FDA Approval Pivotle Keenote-689 study, a random, open-leable phase 3 is based on clinical test data, in which patients receiving pambrolizumbers before and after standard-off-care surgery had prolonged existence without cancer, and high-free tumor narration before surgery. The study was led by investigators at the Dana-Prabar Brigham Cancer Center And Washington University School of Medicine at St. Louis.

It represents adequate changes in the workflow for the new Regimene head and neck cancer, providing suitable patients to obtain pembrolizumb before surgery for locally advanced head and neck cancer.

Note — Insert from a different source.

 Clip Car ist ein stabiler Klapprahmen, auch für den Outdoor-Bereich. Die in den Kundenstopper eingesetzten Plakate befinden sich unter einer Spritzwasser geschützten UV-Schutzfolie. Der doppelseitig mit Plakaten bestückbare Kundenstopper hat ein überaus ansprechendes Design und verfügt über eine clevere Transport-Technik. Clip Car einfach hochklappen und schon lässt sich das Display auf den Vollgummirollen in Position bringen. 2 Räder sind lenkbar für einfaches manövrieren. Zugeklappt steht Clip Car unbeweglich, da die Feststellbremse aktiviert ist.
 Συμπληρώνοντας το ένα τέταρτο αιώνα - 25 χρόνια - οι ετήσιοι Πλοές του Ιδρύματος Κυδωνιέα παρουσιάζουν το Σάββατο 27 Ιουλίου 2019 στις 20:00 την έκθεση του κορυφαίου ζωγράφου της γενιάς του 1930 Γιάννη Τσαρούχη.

These findings represent a truly exciting time for our patients, as it is the first advance in this region in two decades. ,

Dr. Ravindra Uppaluri, overall principal investigator of the study, Dana-Prabar and Brigham and Brigham at Women’s Hospital, Director of Head and Neck Surgical Oncology, and Brigham and Women’s Hospital performed the chair in Otolaringology.

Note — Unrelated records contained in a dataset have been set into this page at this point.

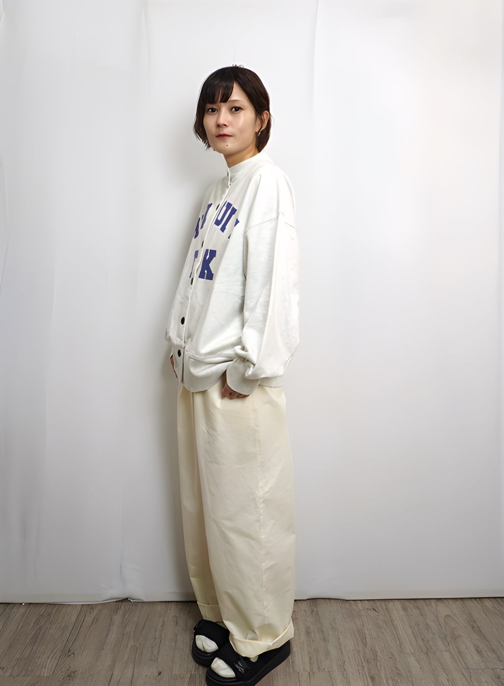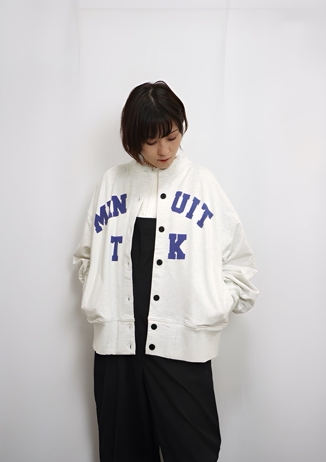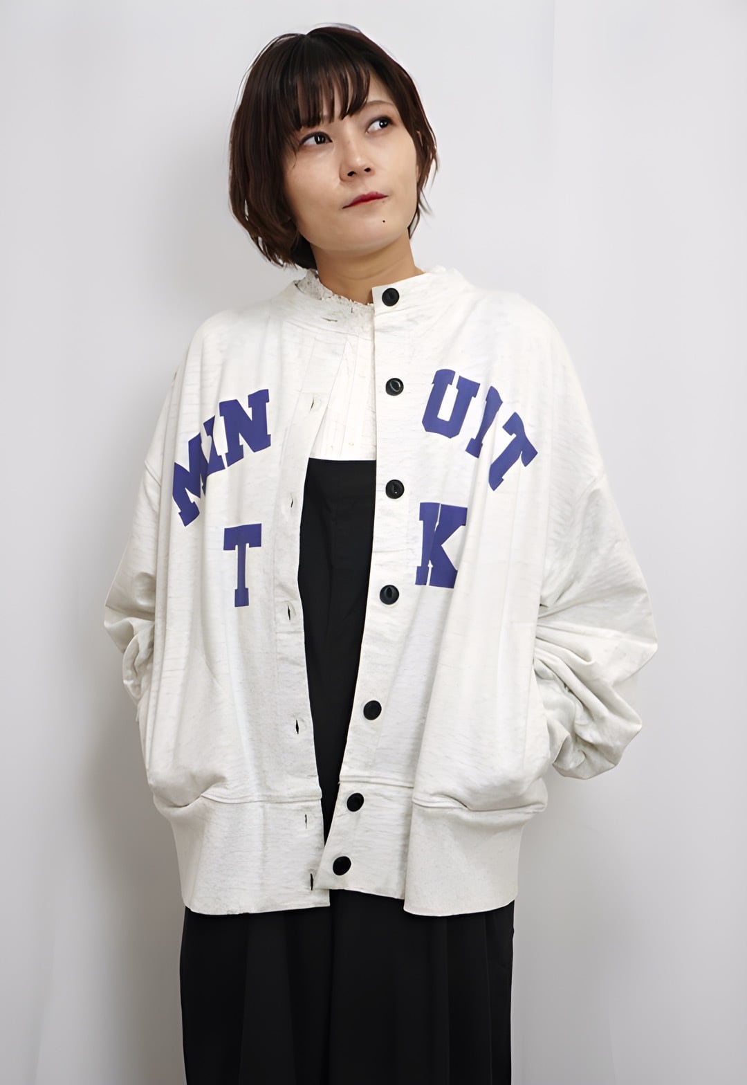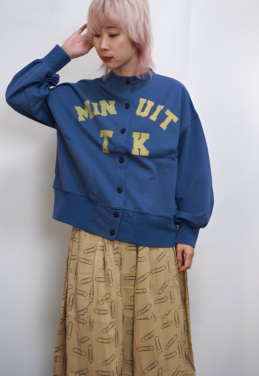 着用モデル:身長154㎝ 着用カラー:70Blue・13Gray杢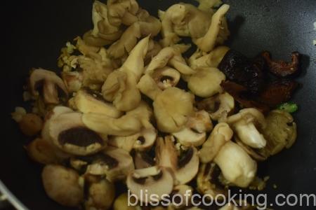 - Add both the mushrooms and stir for 2-3 minutes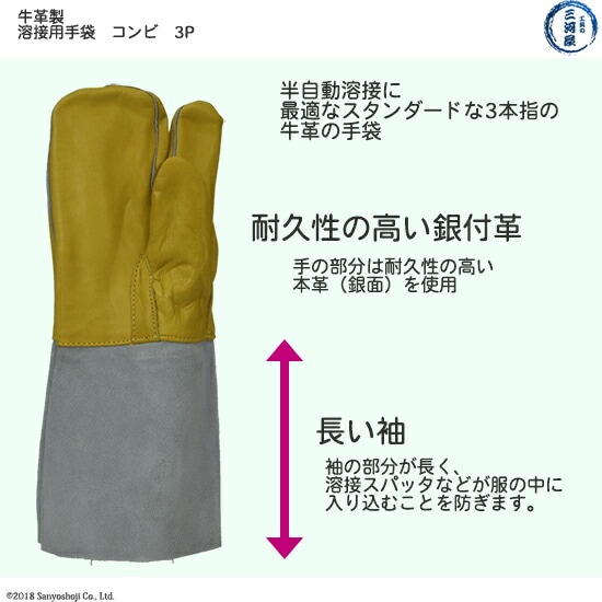 牛革 溶接用 手袋革手袋コンビ3P 3本指アーク ・ CO2 溶接 用革手袋工具の三河屋 本店。

Dr. Robert and Chief of Neck Oncology and head of neck oncology and head of neck oncology, Dr. Robert Hadd said, “This is the first approval of a checkpoint inhibitor in the curative, perioperative setting and it represents a large -scale paradigm change of how we surgery leads head and neck cancer.” Keenot -689 Steering Committee.

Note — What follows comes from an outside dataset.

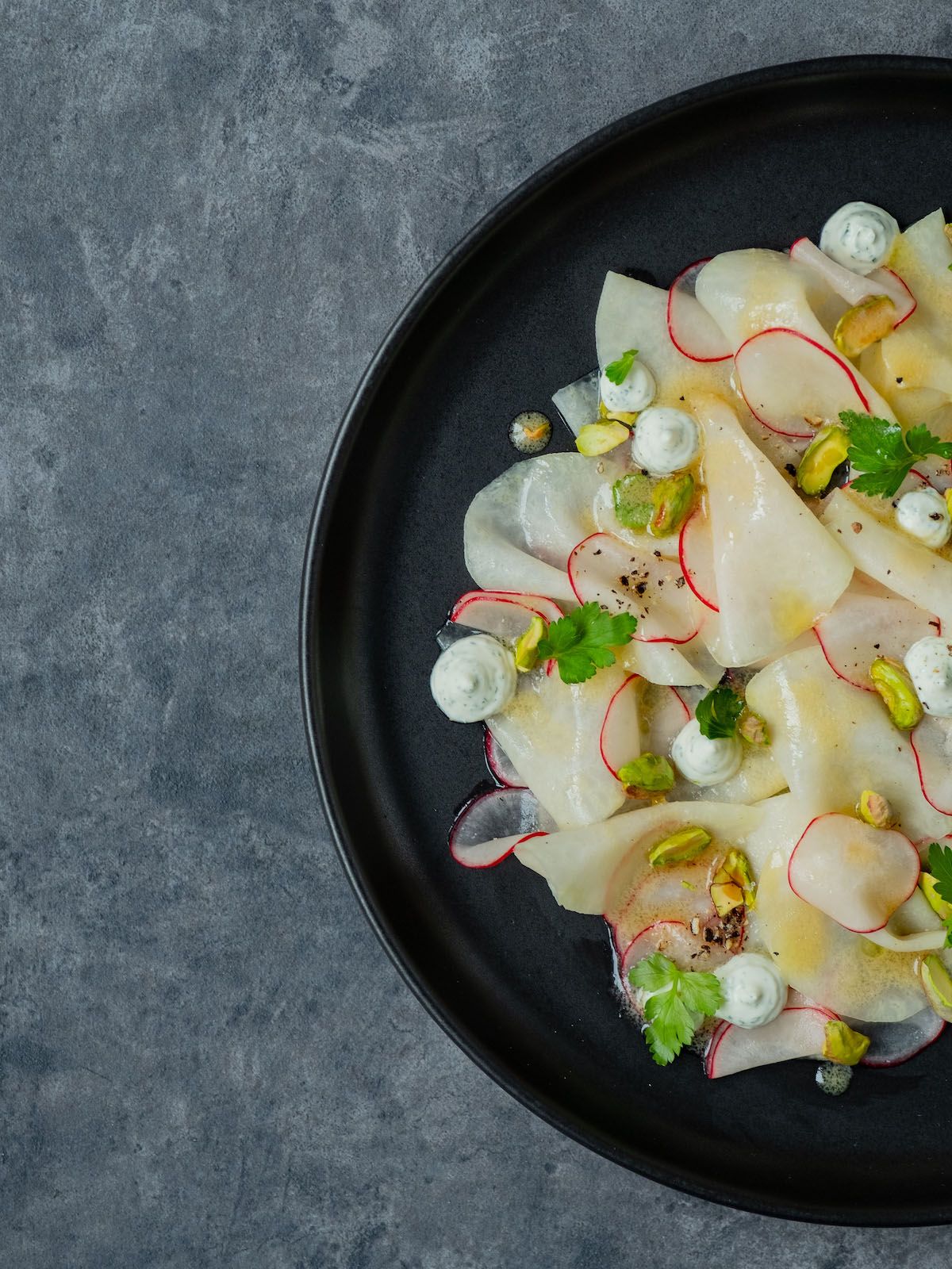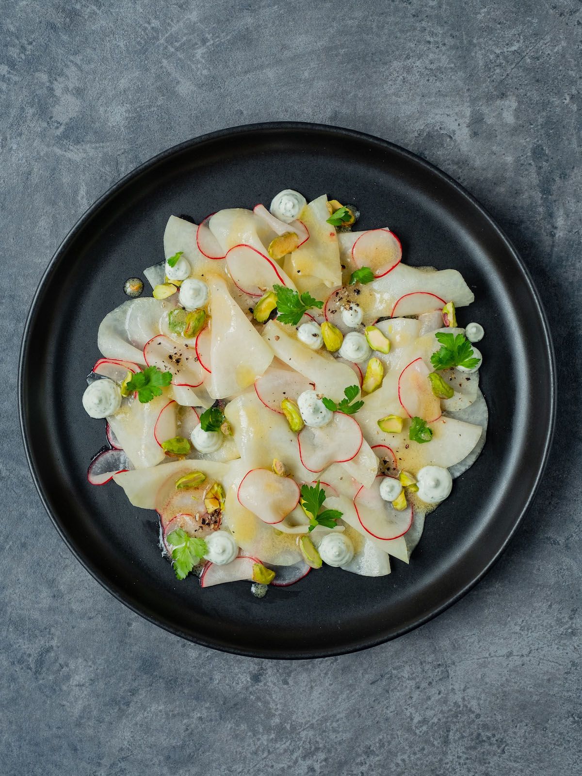 - Jetzt kann auch schon angerichtet werden. Dafür die marinierten Kohlrabi- und Radieschen Scheiben auf einem flachen Teller drapieren, die Pistazien darüber verteilen, mit einem Löffel oder der Dosierflasche den Petersilien-Schmand punktuell darauf geben und mit den übrig gebliebene Petersilienblättern und frisch gemahlenem schwarzem Pfeffer garnieren.

The Keenote -689 test received 714 patients with the new diagnostic phase 3 or stage 4A head and neck squamous cell cancer randomly obtained the standard of care during and later (called) during and after (called) to receive either pembrolizub. Investigators also measured the presence of a target of pembrolizumbe, PD-L1 in the tumor, to determine whether the PD-L1 in the tumor would affect the reaction to the high score treatment of the PD-L1.

The study showed its primary closing point that patients receiving pembrolizub had prolonged occurrence-free existence. The median event-free survival was 51.8 months with Pembrolizub and 30.4 after an average of 38.3 months follow-up. The team also saw a significant rate of major pathological reactions, which is a sufficient immune arbitration tumor destruction seen in surgical resolution.

Treatment was found safe without any newly seen side effects. In addition, patients taking Pambrolizube received surgery on time and did not delay it. immunotherapy-It side effects before the surgist.

The data was previously presented at the annual meeting of the 2025 American Association of Cancer Research (AACR).